Les certitudes chancellent
A l’issue du premier confinement, rebelote, une deuxième édition du Baromètre est réalisée avec des résultats assez saisissants : dans les villes de plus de 100000 habitants, 23 % des gens envisagent de déménager, chiffre qui atteint 36% chez les moins de 35 ans. Plus spectaculaire encore, 10 % des actifs des grandes villes déclarent qu’ils vont le faire. Soit 400000 personnes quand même. Où veulent-ils aller ? A 50 % dans une ville moyenne, 30 % dans une grande ville, 7 % en milieu rural. Derrière ces données, toute une série d’attitudes intellectuelles, de certitudes d’urbanistes, chancellent. Après des années de classements de l’attractivité des «villes monde» créatrices d’emplois «à haute valeur ajoutée», de publications sur les qualités environnementales de la cité «intense», «dense», bref pleine comme un oeuf, les simples envies des gens rappellent aux experts que la métropole n’est pas la réponse à tout. Aller au travail «en onze minutes», comme le proclament les publicités du Berry, acheter ses légumes dans des marchés de producteurs, circuler à vélo, accéder à la nature facilement: la proximité apparaît aussi comme une dimension du développement durable.

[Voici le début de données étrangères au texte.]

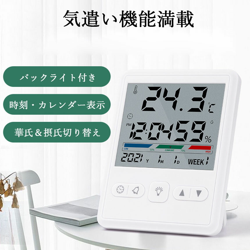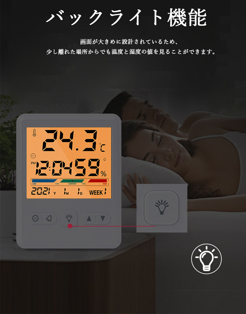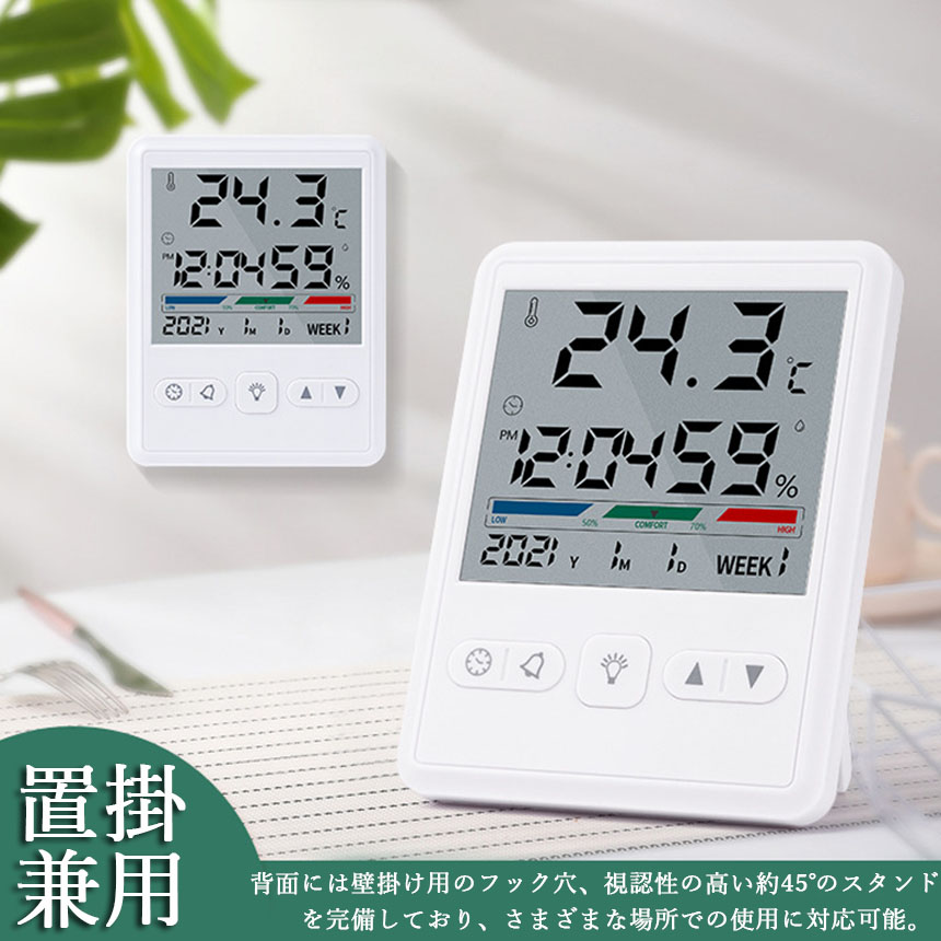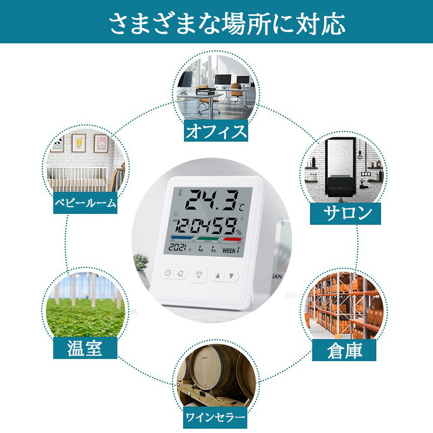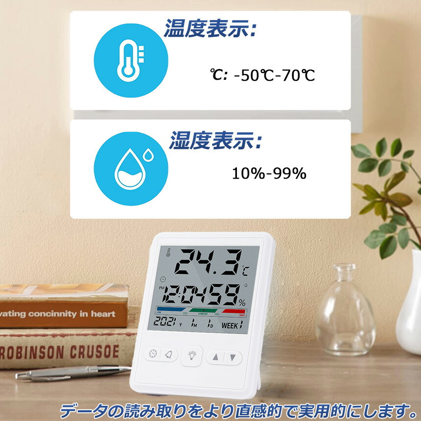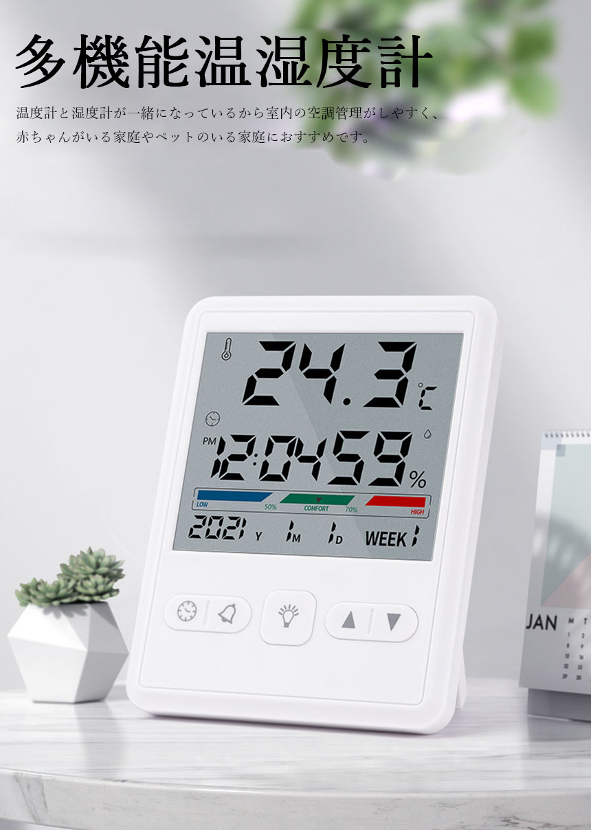 多機能:この温度計湿度計は、屋内の湿度と温度を測定するだけでなく、クロックとアラーム機能を備えています。ボタンの切り替えで、勤務時間を設定して、見逃さないようにすることができます。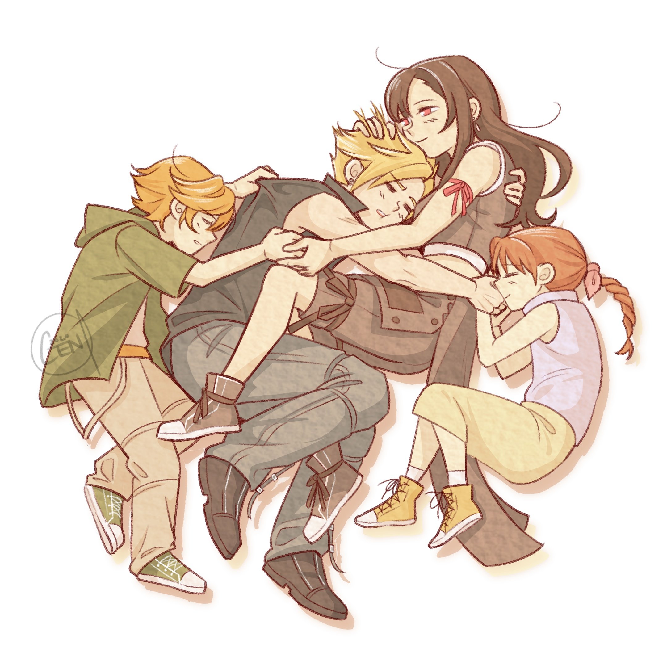 2boys 2girls apron arm_ribbon bare_shoulders black_hair black_shorts blonde_hair braid braided_ponytail brown_hair child closed_eyes cloud_strife crop_top cuddling denzel_(ff7) earrings family final_fantasy final_fantasy_vii final_fantasy_vii:_advent_children full_body gen_(gala_itazura) hair_ribbon headpat high_collar highres hug jewelry long_hair lying marlene_wallace multiple_boys multiple_girls on_side pink_ribbon red_eyes red_ribbon ribbon shorts sleeveless smile square_enix tifa_lockhart waist_apron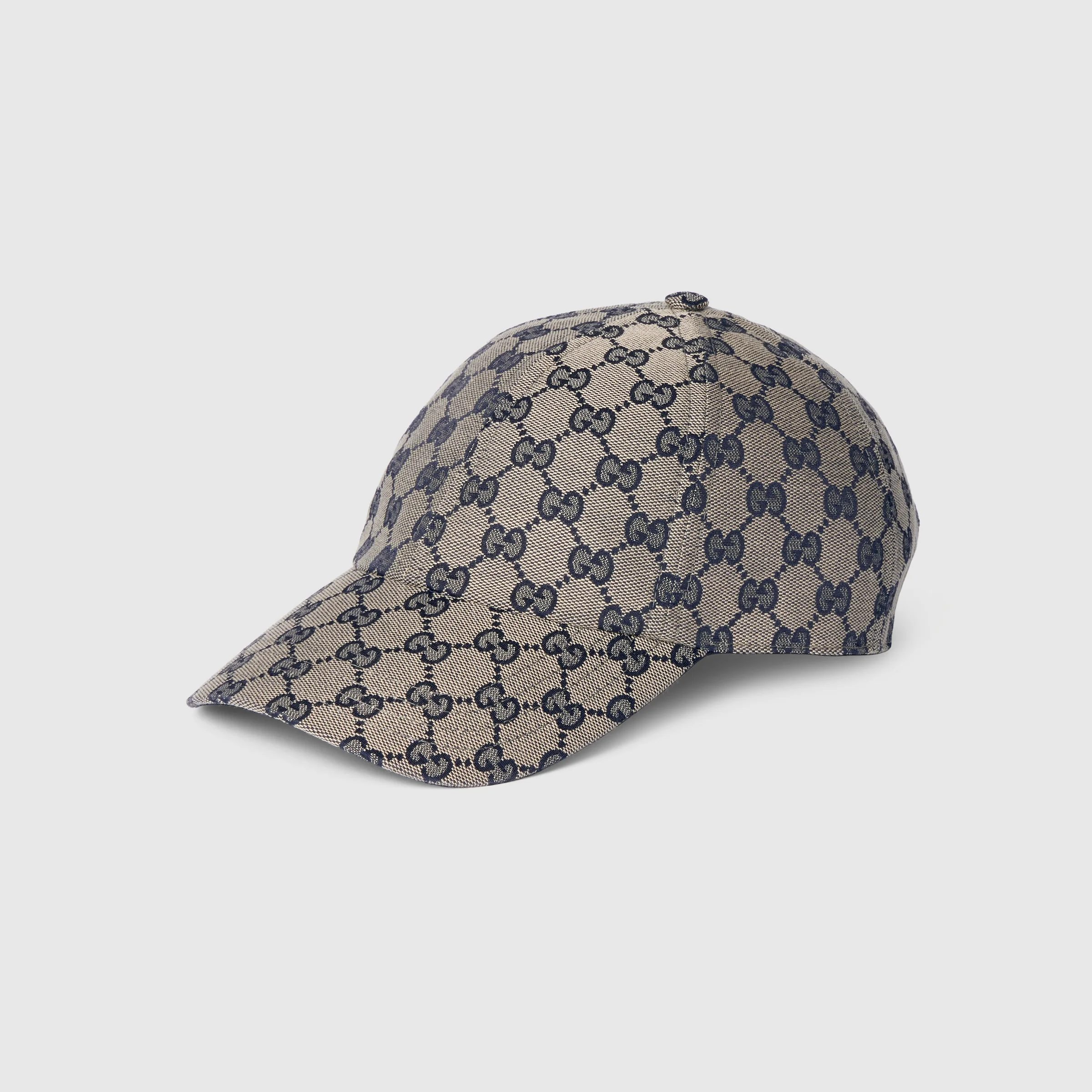 The House continues to explore its connection to the world of tennis that began in the 1970s. As a tribute to the US Open signature colors, a blue and yellow trim completes this beige and blue GG cotton canvas baseball hat. - Beige and blue GG cotton canvas - Blue and yellow trim - Cotton lining - Adjustable hook and loop closure - Made in Italy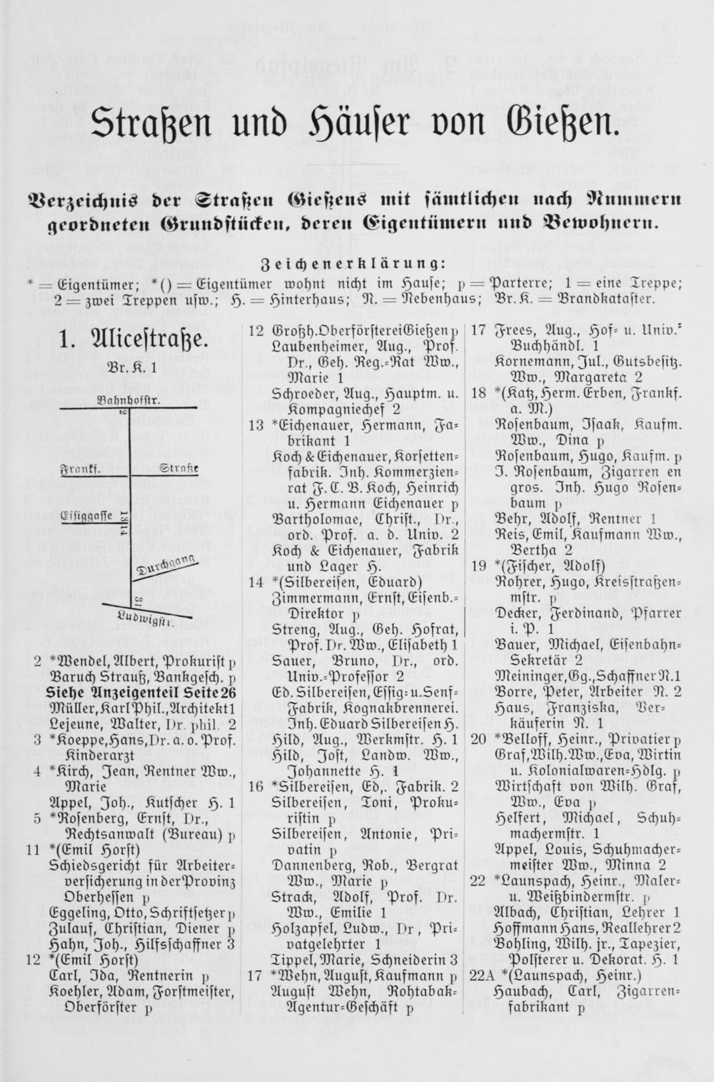 Verzeichnis der Straßen Gießens mit sämtlichen nach Naummern geordneten Grundstücken, deren Eigentümern und Bewohnern.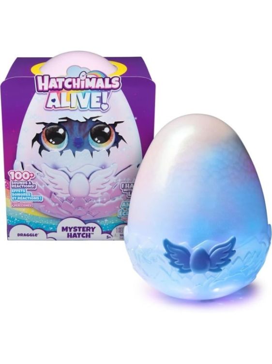 Hatchimals Alive Mystery Hatch au nevoie de dragostea ta pentru a ecloza. Dispunand de o experienta captivanta de eclozare cu ceata, lumini si peste 100 de sunete si reactii, acesti Hatchimals sunt necesare pentru fani. Pe cine vei ecloza? Este o surpriza! În fiecare ou Mystery Hatch Hatchimals se afla 1 din 2 personaje. Iubeste-ti propriul Hatchimal la viata cu Hatchimals Alive Mystery Hatch. Îmbratiseaza, atinge, ridica si balanseaza oul pentru a-ti incuraja personajul sa eclozeze. Oul se aprinde si se balanseaza, si vei auzi chiar si reactia Hatchimal-ului tau din interior. Odata ce oul tau a primit suficienta dragoste, aduna familia si prietenii si pregateste-te pentru cea mai tare experienta de eclozare. O ceata magica apare si oul straluceste ca un curcubeu, creand asteptarea. Dupa eclozare, noul tau prieten Mystery Hatch va inspira jocul imaginativ. Cei carora le plac jucariile surpriza, animalele de companie electronice, figurinele de actiune, papusile si jocul in casa de papusi vor adora Hatchimals Alive Mystery Hatch. Acest pachet contine personajul Draggle.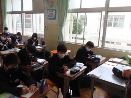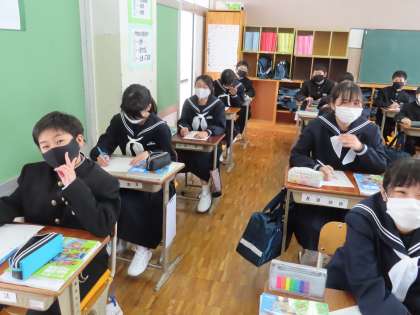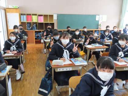 1Cも自己紹介を行っていたようです。矢後先生のいろいろが黒板に書いてありました。今日は生徒の表情を写しました。カメラを向けると「ピース」してくれました。

Or voilà que le télétravail, expérimenté en vraie grandeur du jour au lendemain, rend tout cela possible et raisonnable. Déménager à Beauvais n’est plus le choix d’une maison avec jardin en échange de trois heures de transport par jour. Le vieux débat de spécialistes sur le fait de savoir s’il faut créer des emplois là où sont les gens ou bien des logements là où sont les emplois se résout par une troisième voie. Au fond, la crise sanitaire réinventera peut-être l’urbanisme.
Selon un baromètre paru après le premier confinement, 10 % des actifs des grandes villes déclarent qu’ils vont déménager : 50 % dans une ville moyenne, 30 % dans une grande ville, 7 % en milieu rural.